Note There are some valid use cases for using native watch mode (e.g. next dev). However, even in those cases you should consider wrapping those operations in Turbowatch for consistency, e.g.

void watch({
  project: __dirname,
  triggers: [
    {
      expression: [
        'anyof',
        ['match', '*', 'basename'],
      ],
      // Marking this routine as non-interruptible will ensure that
      // next dev is not restarted when file changes are detected.
      interruptible: false,
      name: 'start-server',
      onChange: async ({ spawn }) => {
        await spawn`next dev`;
      },
    },
  ],
});

I have seen concurrently used to "chain" watch operations such as:

concurrently "tsc -w" "tsc-alias -w"

While this might work by brute-force, it will produce unexpected results as the order of execution is not guaranteed.

If you are using Turbowatch, simply execute one command after the other in the trigger workflow, e.g.

async ({ spawn }: ChangeEvent) => {
  await spawn`tsc`;
  await spawn`tsc-alias`;
},

Turborepo currently does not have support for watch mode (issue #986). However, Turbowatch has been designed to work with Turborepo.

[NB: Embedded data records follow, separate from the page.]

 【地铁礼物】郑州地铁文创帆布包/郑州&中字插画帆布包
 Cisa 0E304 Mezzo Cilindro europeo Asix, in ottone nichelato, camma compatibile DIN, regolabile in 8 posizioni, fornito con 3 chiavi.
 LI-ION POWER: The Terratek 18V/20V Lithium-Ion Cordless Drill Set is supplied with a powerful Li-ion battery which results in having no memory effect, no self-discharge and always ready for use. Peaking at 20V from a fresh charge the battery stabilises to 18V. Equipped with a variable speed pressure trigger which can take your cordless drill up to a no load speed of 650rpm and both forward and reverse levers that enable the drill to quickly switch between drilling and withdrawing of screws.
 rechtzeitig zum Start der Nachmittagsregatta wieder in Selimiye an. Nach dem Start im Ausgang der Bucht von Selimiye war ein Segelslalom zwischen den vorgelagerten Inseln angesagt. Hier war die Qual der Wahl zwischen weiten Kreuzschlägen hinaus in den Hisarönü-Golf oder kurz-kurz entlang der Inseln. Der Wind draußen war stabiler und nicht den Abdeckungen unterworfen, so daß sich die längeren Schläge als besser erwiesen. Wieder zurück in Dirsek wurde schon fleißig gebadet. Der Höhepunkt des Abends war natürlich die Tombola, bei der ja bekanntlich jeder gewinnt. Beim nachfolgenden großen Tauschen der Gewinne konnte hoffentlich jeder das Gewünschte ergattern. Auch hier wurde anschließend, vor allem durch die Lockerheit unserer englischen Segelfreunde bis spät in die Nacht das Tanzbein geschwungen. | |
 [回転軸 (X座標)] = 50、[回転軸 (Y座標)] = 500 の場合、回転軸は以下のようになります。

To use Turbowatch with Turborepo:

1. define a persistent task
2. run the persistent task using --parallel

Example:

"dev": {
  "cache": false,
  "persistent": true
},

turbo run dev --parallel

Note We found that using dependsOn with Turbowatch produces undesirable effects. Instead, simply use Turbowatch rules to identify when dependencies update.

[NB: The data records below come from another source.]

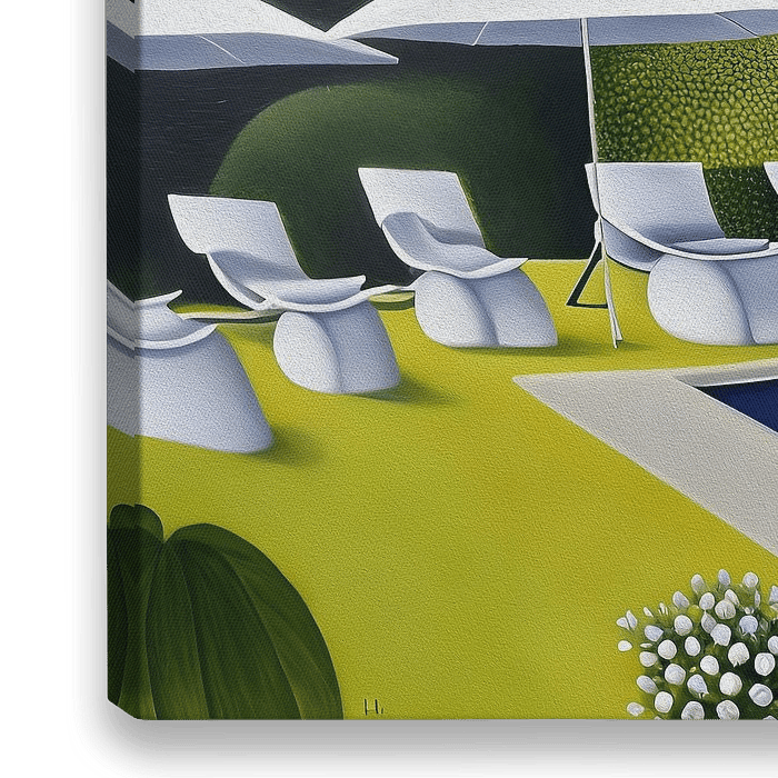 Das Kunstwerk zeigt einen surrealen Garten mit einem verzerrten Schwimmbecken. Um den Pool herum stehen seltsame weiße Liegen und Sonnenschirme. Der Garten selbst ist üppig und tropisch mit Palmenblättern, aber auch entfremdet. Das Ganze schafft eine traumhafte, surreale Atmosphäre, in der die Natur auf besondere Weise verzerrt wurde.…
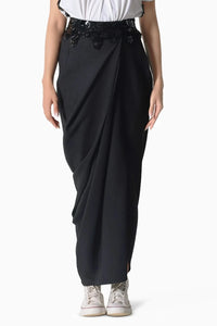 The Wave Skirt is that one sexy skirt that takes you from day to night. cut in crepe ,with an embroidery detail on the waist Which Makes the skirt universally flattering for all body types. It Closes on the side with a concealed zip and has a slit down the side.
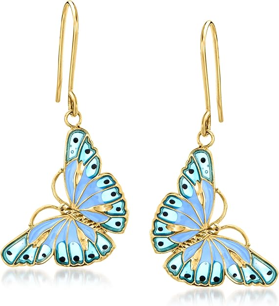 Ross-Simons Italian Tonal Blue Enamel Butterfly Drop Earrings in 14kt Yellow Gold
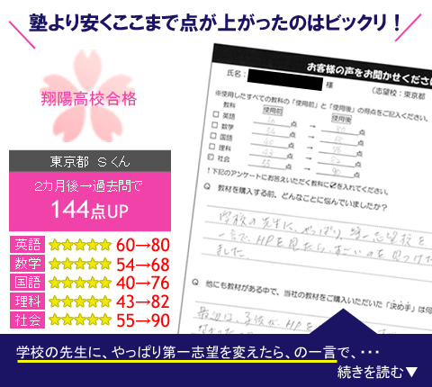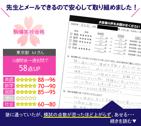 教材が届くやすぐに取り組み始め「これ良いかもしれないワ」と明るい口調に、実は私も本人が学校に行っていると時、テキストを読ませて頂き「へ~なるほど私が中3だったら絶対高得点取れそう」と親の私が興味津々。お電話も丁寧に対応してくださり、プロが研究されている教材だと実感し、息子は「栗原先生が次にこうやるといい」とアドバイスくれるのが心強かったようです。結果合格となり、あっと驚いてしまいました!テキストの効果を祈りつつ信じて本当に良かったと思います。
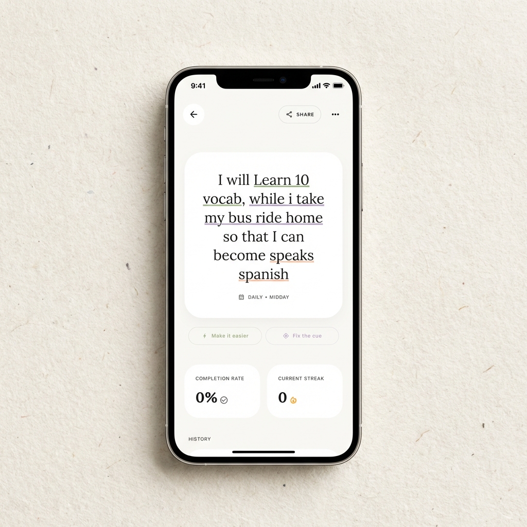 Life happens. Use 'Never Miss Twice' recovery to stay on track without the guilt of breaking a chain.
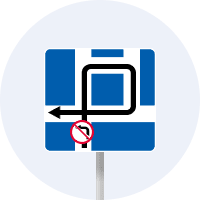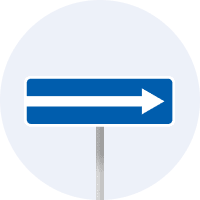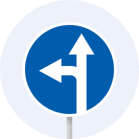 1.4.3 Знак (рух праворуч або ліворуч) показує напрямок руху на Т-подібних перехрестях, розгалуженнях доріг або об’їзду ділянки дороги, що ремонтується.
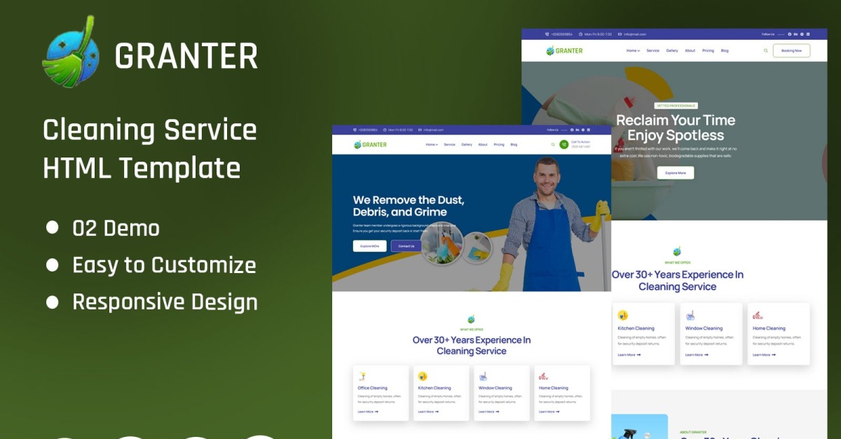 Granter is een elegant en stijlvol thema voor schoonmaakbedrijven, geschikt voor diverse schoonmaakdiensten, zoals huishoudelijke hulp, vloerreiniging, schoonmaakdiensten aan huis, schoonmaakbureaus en schoonmaakdiensten. Deze template heeft een overzichtelijke hiërarchie, gebaseerd op een duidelijke letterstructuur.

Note Turbowatch is not aware of the Turborepo dependency graph. Meaning, that your builds might fail at the first attempt. However, thanks to retries and debounce, it will start working after warming up. We are currently exploring how to reduce preventable failures. Please open an if you would like your ideas to be considered.